Let $(X_n)_{n\ge 0}$ be a process for which $X_0$ is uniform on $(0,1)$ and, for $0<\alpha <1$ and $n\ge 0$, we have:
$X_{n+1} = \alpha X_n + 1 -\alpha$ with probability $X_n$
$X_{n+1} = \alpha X_n$ with probability $1-X_n$.
What are the limiting properties of $X_n$ as $n\to \infty$?
It is easy to see that $0<X_n<1$ and also that $X_n$ is a martingale, and so by the Martingale Convergence Theorem, we must have $\lim_{n\to\infty} X_n =X$ where $X$ is a random variable that is almost surely finite.

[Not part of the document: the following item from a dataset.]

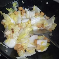 放入小豆腐果,翻炒幾下,放鹽后,在爆炒十幾下,放些少許的水,等鍋中的水快沒時,盛盤即可

But I cannot deduce anything else about $X$. Can we even say anything else, and if so, how?
Assuming that the choice of values of $X_{n+1}$ is made independently of $\mathcal{F}_n = \sigma(X_0, \cdots, X_n)$, notice that
$$\frac{X_{n+1} - \alpha X_n}{1-\alpha}$$
is a $\{0,1\}$-valued random variable, i.e., a Bernoulli random variable that converges almost surely to $X$. So $X$ is also a Bernoulli random variable. Then the law of $X$ is determined by the parameter
$$p = \Bbb{P}(X = 1) = \Bbb{E}[X]$$
which is easily computed from the martingale nature of $(X_n)$.
(This is essentially what @Did is explaining in the comment.)